Suppose we want to decrypt the ciphertext block \(C_2\), like the one shown in Figure 6. We’re looking for some value \(X\), which is \(\Dec{k}{C_2}\), and \(P_2\), the block obtained after decrypting in CBC mode. If we pick a random block \(C_1\) and send the two-block ciphertext \(C_1 \mathrel{\hspace{1pt}||\hspace{1pt}}C_2\) to the oracle, decryption will only succeed if \(C_1 \oplus P_2\) ends with a valid padding (following the PKCS#7 standard).

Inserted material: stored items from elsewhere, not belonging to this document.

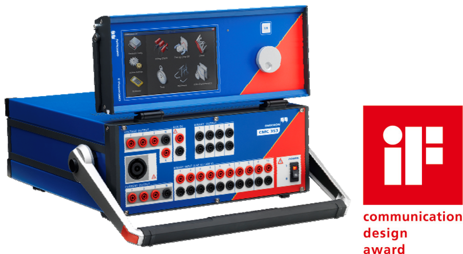
Abb. 2: CMControl Bedienterminal für das CMC-Prüfgerät von OMICRON electronics – mit dem iF communication design award 2010 ausgezeichnetes Design von Centigrade

Die Möglichkeit, automatische Regressionstests direkt in diese Infrastruktur einzubinden, ist insbesondere für agile HMI-Software-Entwicklung entscheidend, um die zunehmende Funktionalität in der Entwicklung kontinuierlich absichern zu können. Tools wie GoogleTest bieten für HMIs die Möglichkeit, einen virtuellen Nutzer zu simulieren. Dabei werden Benutzeraktionen aufgezeichnet und als automatische Testfälle wiederverwendet. Große Teile von Software und HMI können so effizient und vollständig automatisiert getestet werden. Für Qt-basierte GUI-Applikationen ist damit auch eine automatische Textlängenverifikation für alle GUI-Elemente und somit die Überprüfung aller Sprachversionen auf Knopfdruck möglich.
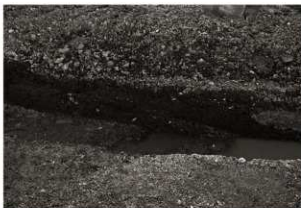
第7トレンチセクション(3) 中央付近(東から)
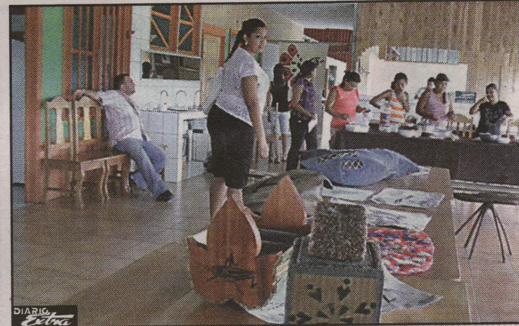
Mujeres de Sierpe, Osa, encontraron en los bosques la materia prima para fabricar mesas, espejos y lámparas.
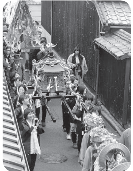
町内を練り歩く「みこし」

にデータを流してくれているとのことだが、直島にはその測定器はないのか。なければ設置する気はあるのか。
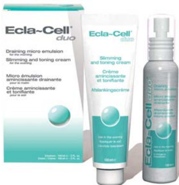
Ecla-Cell Duo (2 x 100 ml)

Creme: Koffein, Silicium, Extrakt von grünem Tee, Seeealgen und Kletterfeue
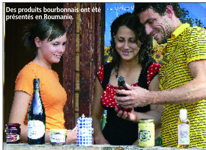
Des produits bouronnais ont été présentés en Roumanie.

► Un projet de coopération transnationale a été engagé entre le Pays Vichy-Auvergne et la Microrégion de Huedin (département de Cluj, Transylvanie), territoire pré-sélectionné dans le cadre du programme Leader en Roumanie. Des opérations sont en cours entre les deux territoires. Une dégustation de produits locaux du Pays Vichy-Auvergne sur Cluj en lien avec le Comité Départemental de Produits de l'Allier et le Centre Culturel Français de Cluj s'est déroulée le 02 avril dernier, parmi les invités de cette dégustation : le directeur général Cora Cluj et le plus grand importateur de vin de Cluj. Dès cet été, l'opération d'échanges « Eco-citoyens et identité européenne » sera lancée (lire l'annonce ci-contre). Elle vise la réalisation de séjours à thème autour de l'environnement avec des adolescents du Pays Vichy-Auvergne
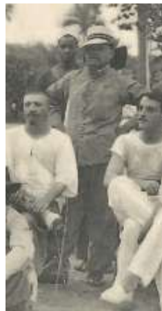
A-24 Groupe de sous-officiers...
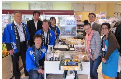
デポーにかほフェア:デポー園生でにかほの特産品をアピール
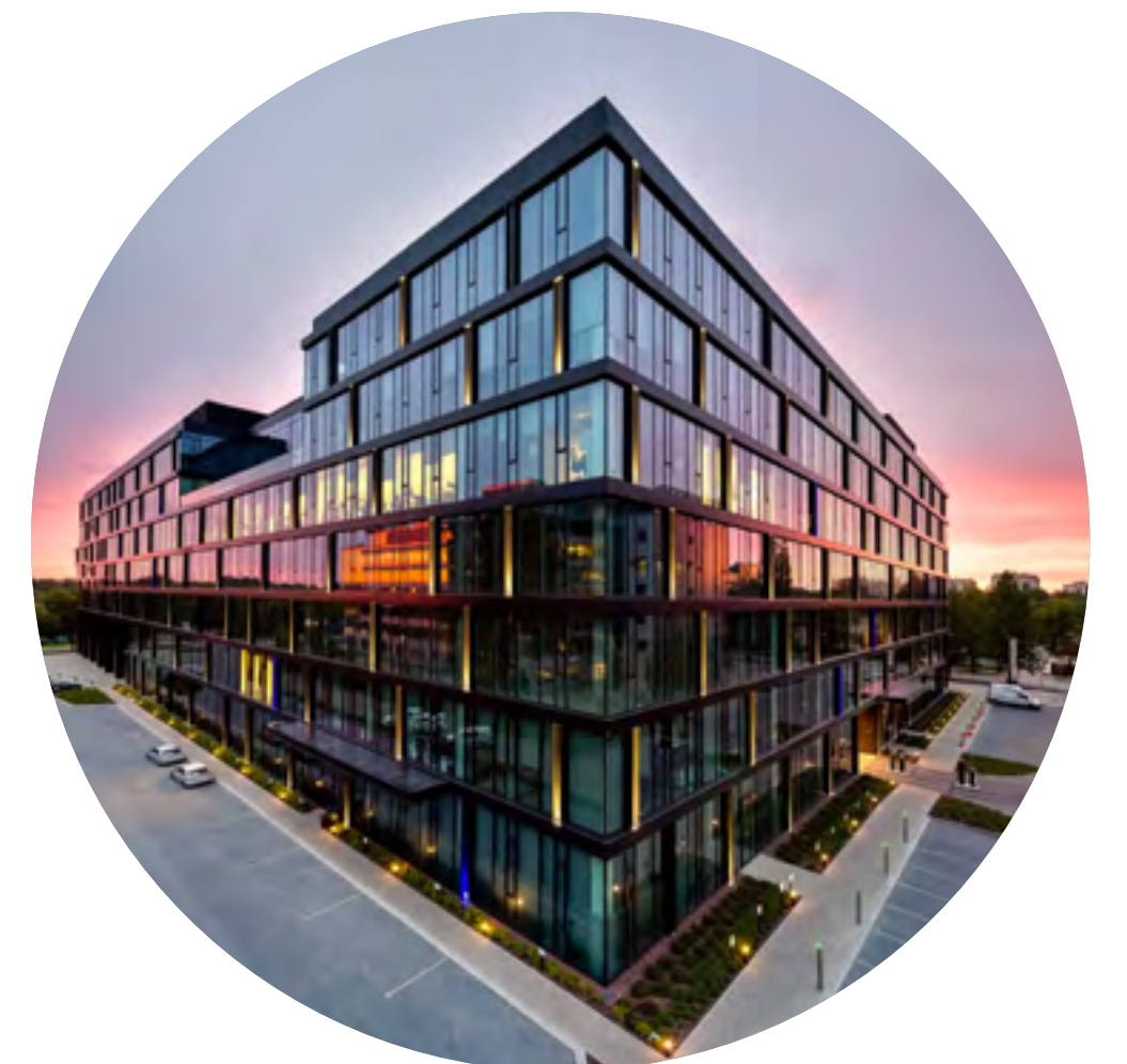
Warszawa, Konstruktorska Business Centre, 49 000 mkw., 2013
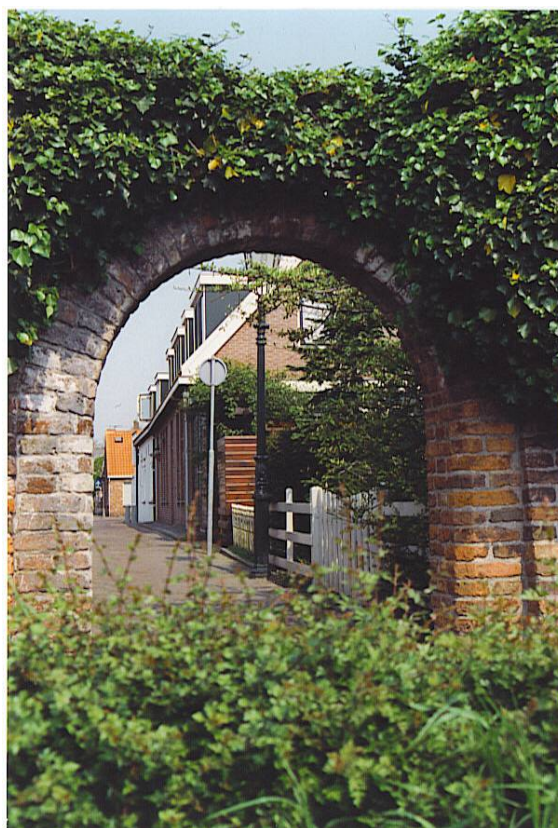
Poortje in de stadsmuur van Montfoort

De werkgroep heeft haar mening over en activiteiten bij verschillende lokale onderwerpen op het gebied van ruimtelijke ordening en cultuurhistorie diverse keren in de media kenbaar kunnen maken. Het betroffen bijdragen over de Kloostertuin, de beoogde locatie van de manege op Willeskop, de okkernootbomen en de boerderij Liefhoven.
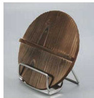
⑧EBM 18-8 なべ蓋スタンド 切
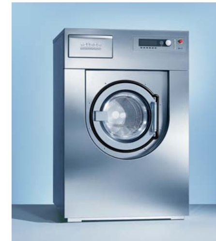
상업용 세탁기 PW 6161

조작방식 : Prdtronic M 중량감지 센서에 의한 세탁량 자동인식 세탁물 불균형 감지 센서 Schock absorber 장착 용량 : 10kg 최대탈수속도 : 1200rpm 자주 사용하는 프로그램 저장 기능 크롬도어 스테인레스 외장 행굼물 재활용 시스템(선택사항) 허니컴 드럼 단추버튼 사용가능 응급 멈춤 버튼 도어 안전 시스템 G-factor : 475
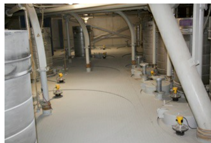
Chaque silo dispose désormais d'un VEGAPULS 69 qui remplace le pesage.

Presque tous les capteurs ont fonctionné avec fiabilité et fourni des valeurs précises dès le début. Comme les appareils VEGA affichent un niveau de remplissage en pourcentage, un programme convertit ces mesures en tonnages. La gestion des stocks assure une sécurité supplémentaire. Seul le silo contenant des matières premières à faible densité apparente a présenté quelques difficultés. Ces produits sont compliqués à mesurer, et jusqu'à présent aucun capteur ne fonctionnait correctement. Par exemple, les joints du silo généraient des échos parasites. Les courbes écho du silo vide sont déjà très complexes.

For convenience, we’ll introduce here the array notation for bytes, where \(X[0]\) is the first byte, \(X[1]\) the second, and so on. Padding oracle attacks on CBC encryption can decrypt a block \(C_2\) like this:
-
Pick a random block \(C_1\) and tweak its last byte until the padding oracle accepts the ciphertext as valid.
If the ciphertext is valid, then \(C_1[15] \oplus X[15] = \texttt{01}\).
-
Find the value \(X[14]\) by setting \(C_1[15]\) to \(X[15] \oplus \texttt{02}\) and searching for the \(C_1[14]\) that gives a correct padding.
When the padding oracle accepts the ciphertext as valid, it means we have a value for \(C_1[14]\) such that \(C_1[14] \oplus X[14] = \texttt{02}\).
-
Repeat steps 1 and 2 for all \(16\) bytes.
References
- Aumasson, Jean-Philippe. 2017. Serious Cryptography: A Practical Introduction to Modern Encryption. No Starch Press.
This is why I chose this as the icon for our Discord server, and also in the home page of this course on Canvas.
This is one of those cases when error messages can reveal too much information, like having a specific error when the padding is invalid.